**YOUR TASK**.
Would you output the following records verbatim and skip the images in them?

**DATA SHOWN**.
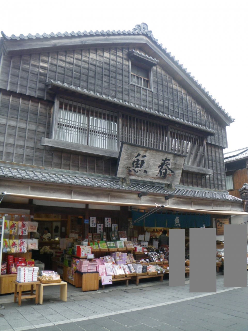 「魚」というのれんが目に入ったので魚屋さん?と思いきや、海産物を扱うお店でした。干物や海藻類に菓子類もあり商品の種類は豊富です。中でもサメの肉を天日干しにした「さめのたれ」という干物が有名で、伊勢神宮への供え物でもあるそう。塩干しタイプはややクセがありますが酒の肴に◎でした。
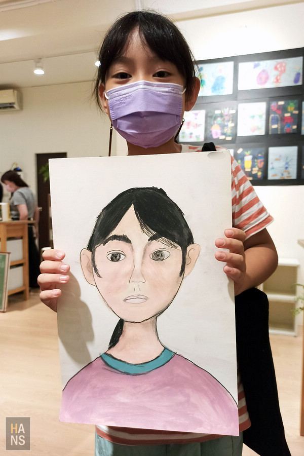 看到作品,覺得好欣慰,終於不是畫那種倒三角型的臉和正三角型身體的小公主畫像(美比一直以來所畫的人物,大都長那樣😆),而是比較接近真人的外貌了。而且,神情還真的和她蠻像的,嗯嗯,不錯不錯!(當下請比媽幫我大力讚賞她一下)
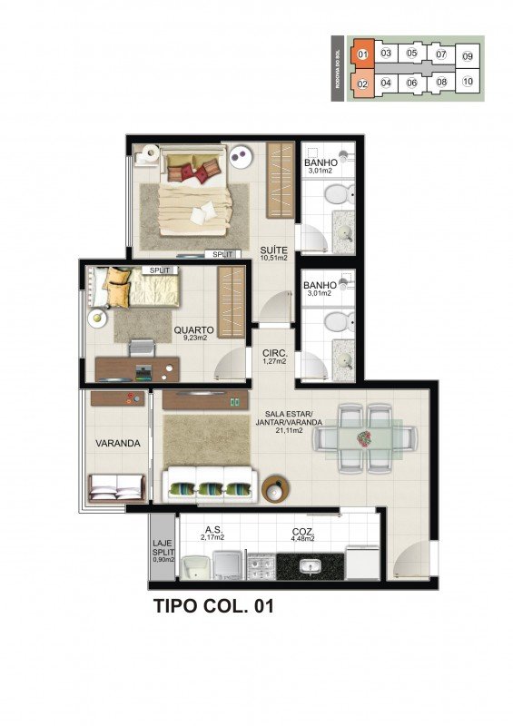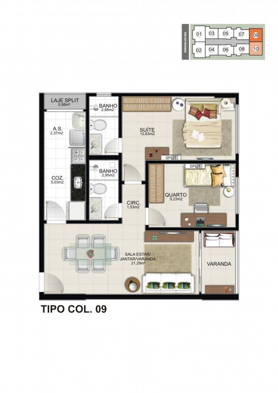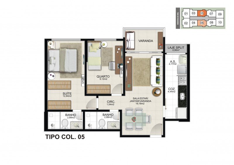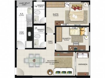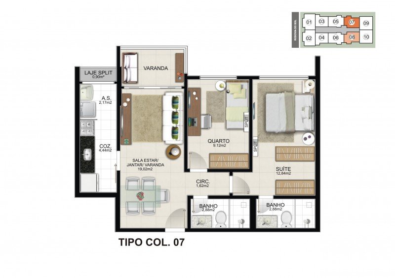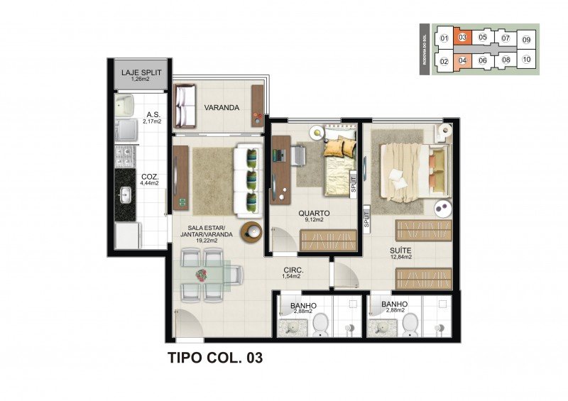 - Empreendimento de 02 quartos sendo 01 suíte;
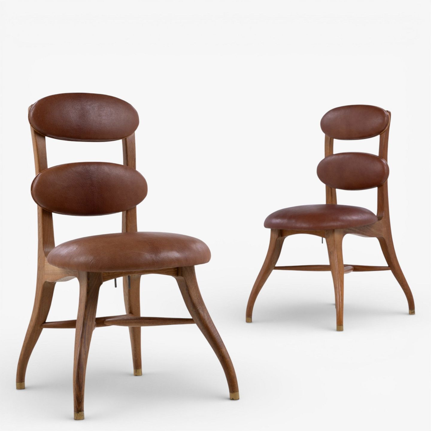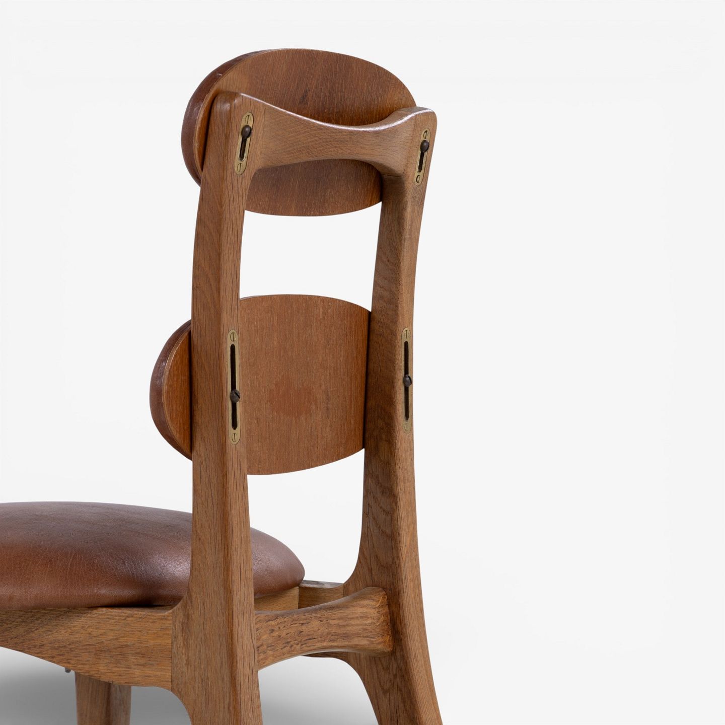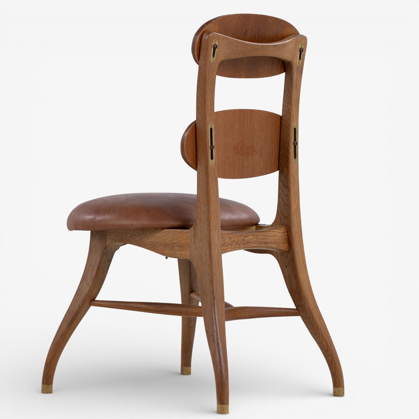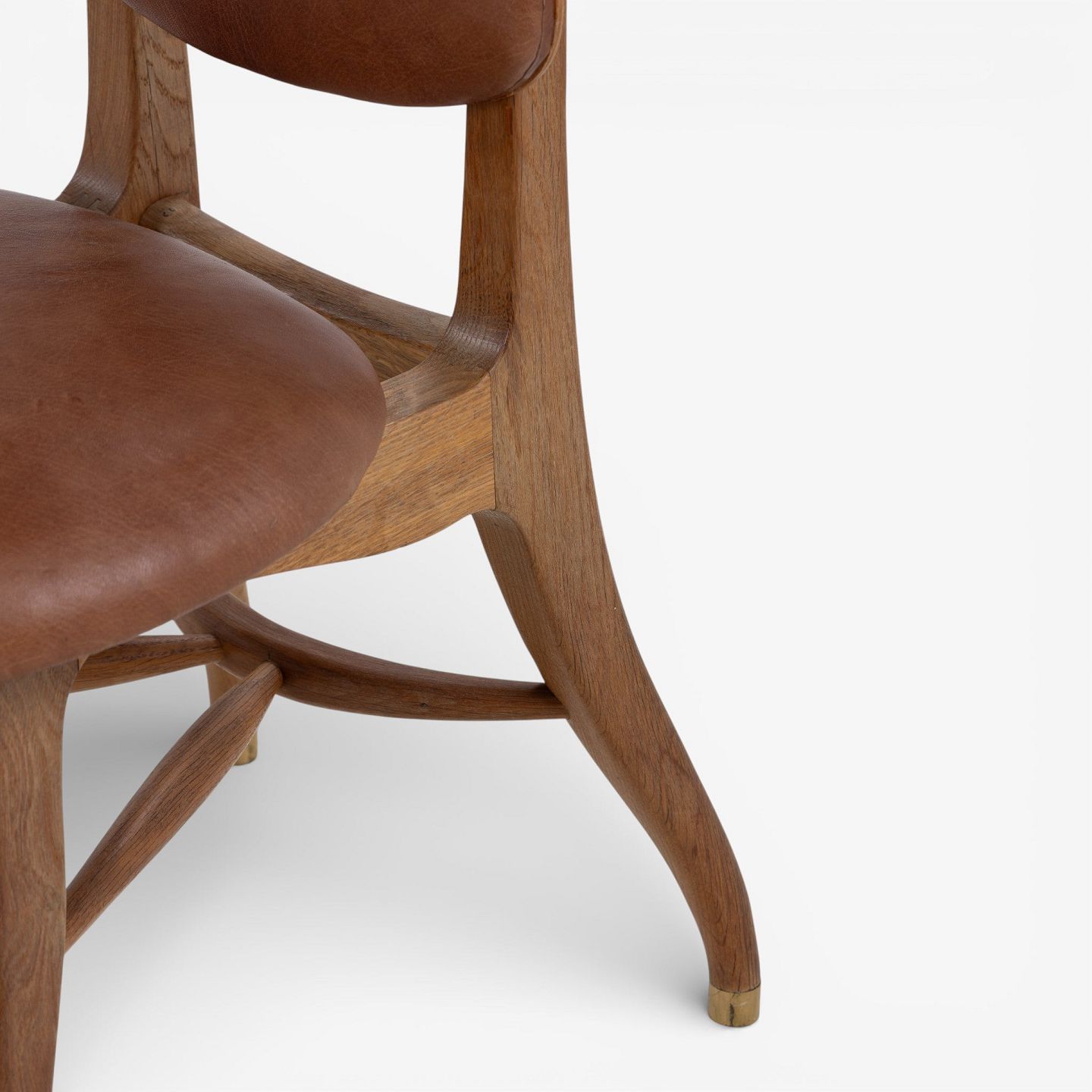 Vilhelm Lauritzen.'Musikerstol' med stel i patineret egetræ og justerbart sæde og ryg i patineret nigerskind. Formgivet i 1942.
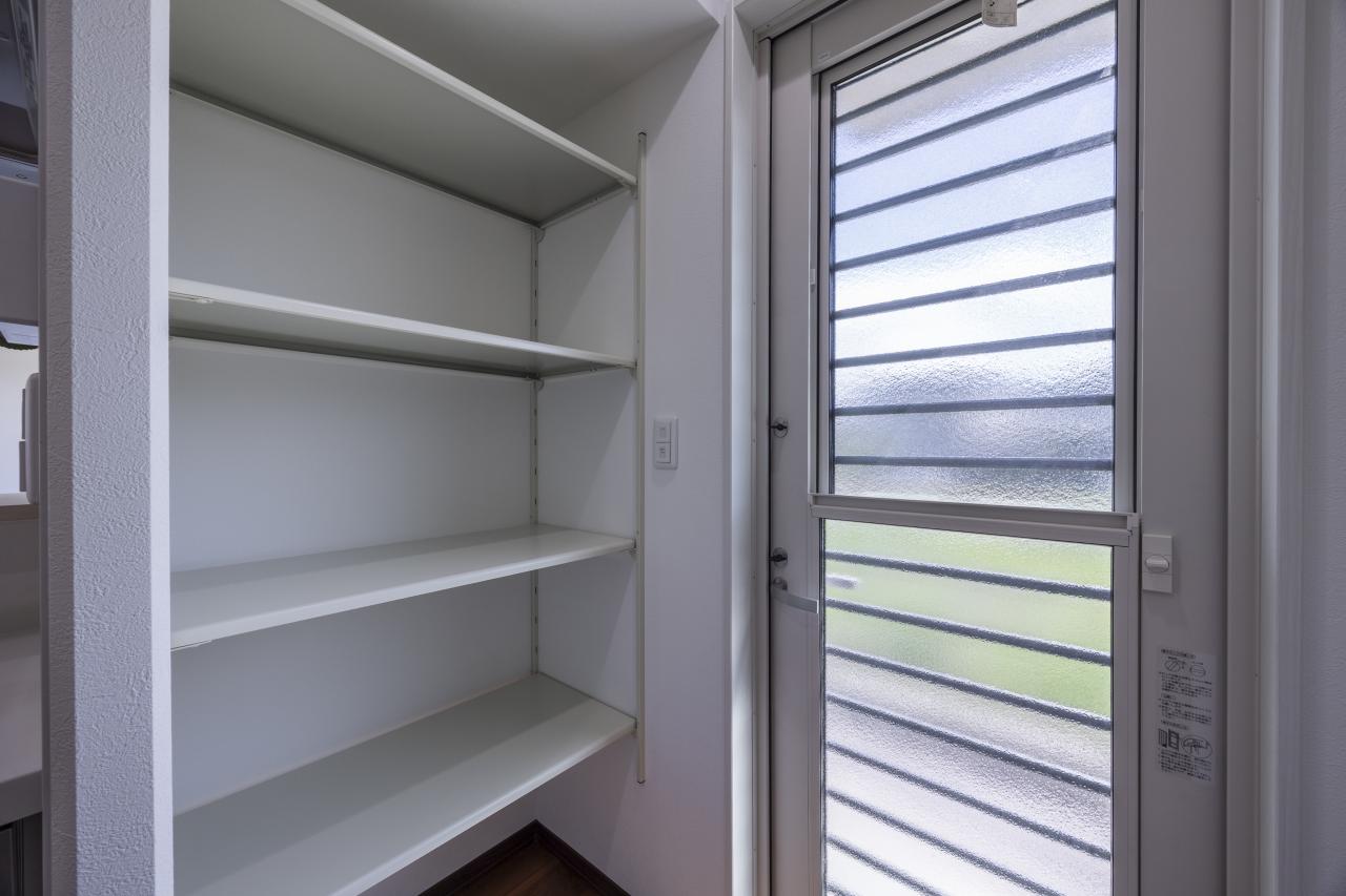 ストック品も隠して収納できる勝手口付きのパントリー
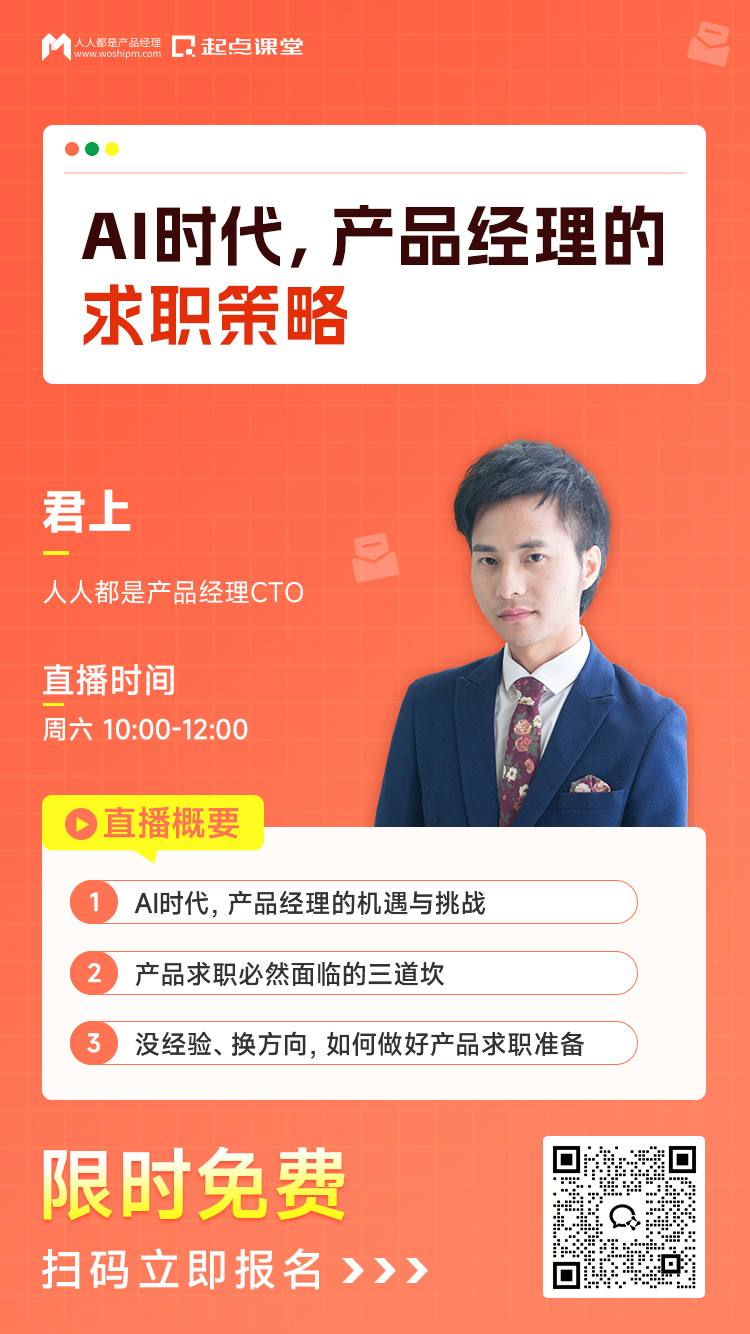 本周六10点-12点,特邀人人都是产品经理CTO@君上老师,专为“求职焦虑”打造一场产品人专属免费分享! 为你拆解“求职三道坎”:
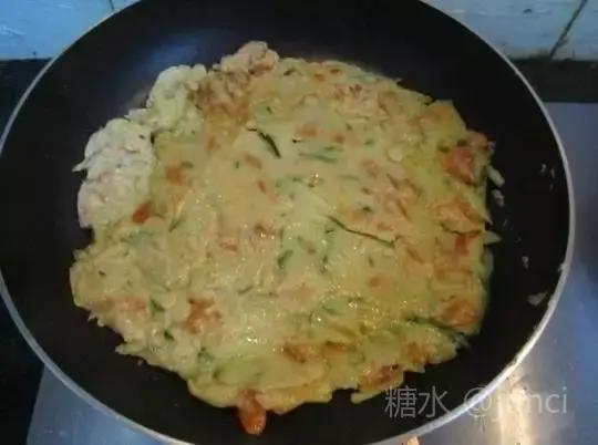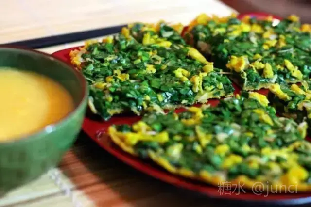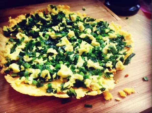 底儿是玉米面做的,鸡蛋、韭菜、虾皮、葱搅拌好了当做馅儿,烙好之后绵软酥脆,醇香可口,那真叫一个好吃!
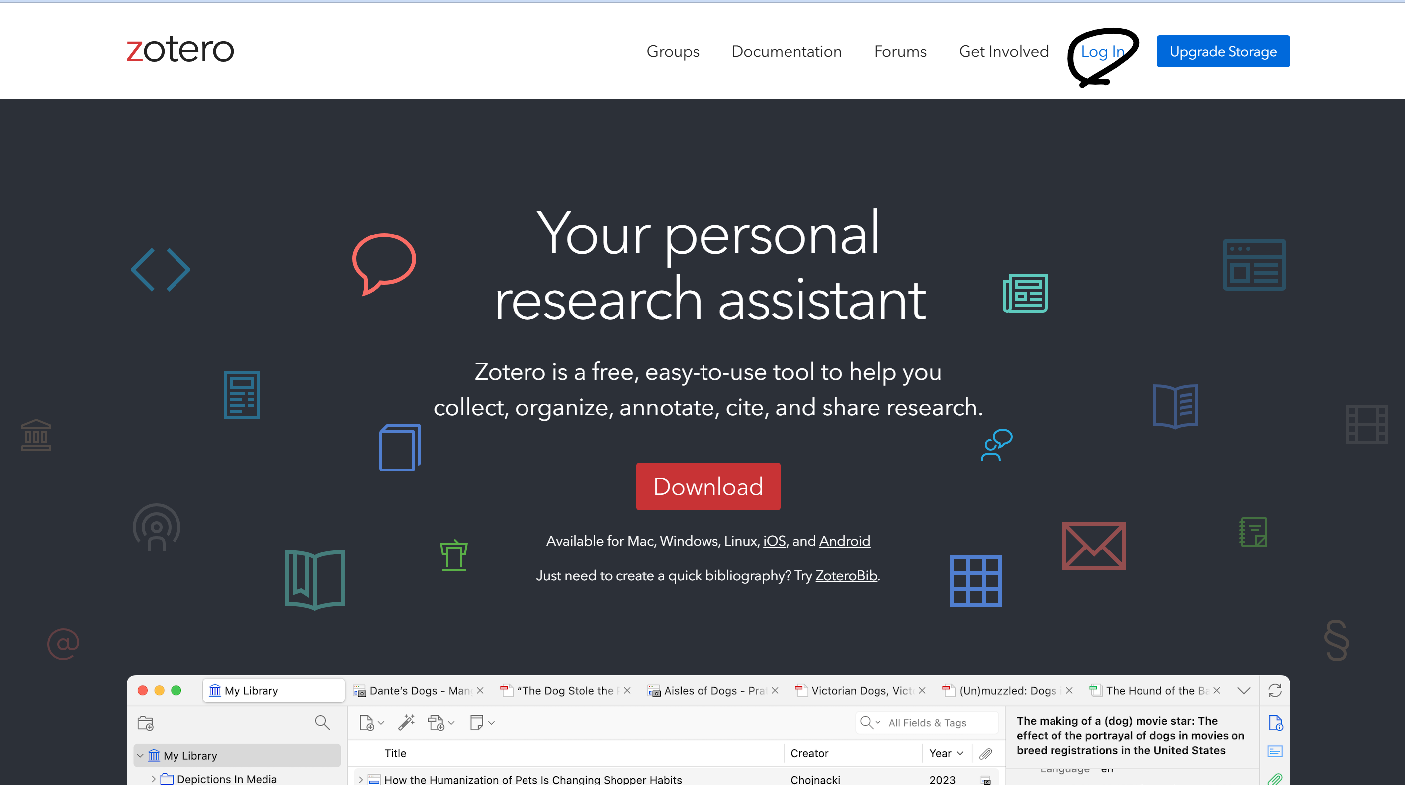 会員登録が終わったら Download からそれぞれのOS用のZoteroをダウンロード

**ANSWER FOR THE TASK**.
 「魚」というのれんが目に入ったので魚屋さん?と思いきや、海産物を扱うお店でした。干物や海藻類に菓子類もあり商品の種類は豊富です。中でもサメの肉を天日干しにした「さめのたれ」という干物が有名で、伊勢神宮への供え物でもあるそう。塩干しタイプはややクセがありますが酒の肴に◎でした。
 看到作品,覺得好欣慰,終於不是畫那種倒三角型的臉和正三角型身體的小公主畫像(美比一直以來所畫的人物,大都長那樣😆),而是比較接近真人的外貌了。而且,神情還真的和她蠻像的,嗯嗯,不錯不錯!(當下請比媽幫我大力讚賞她一下)
 - Empreendimento de 02 quartos sendo 01 suíte;
 Vilhelm Lauritzen.'Musikerstol' med stel i patineret egetræ og justerbart sæde og ryg i patineret nigerskind. Formgivet i 1942.
 ストック品も隠して収納できる勝手口付きのパントリー
 本周六10点-12点,特邀人人都是产品经理CTO@君上老师,专为“求职焦虑”打造一场产品人专属免费分享! 为你拆解“求职三道坎”:
 底儿是玉米面做的,鸡蛋、韭菜、虾皮、葱搅拌好了当做馅儿,烙好之后绵软酥脆,醇香可口,那真叫一个好吃!
 会員登録が終わったら Download からそれぞれのOS用のZoteroをダウンロード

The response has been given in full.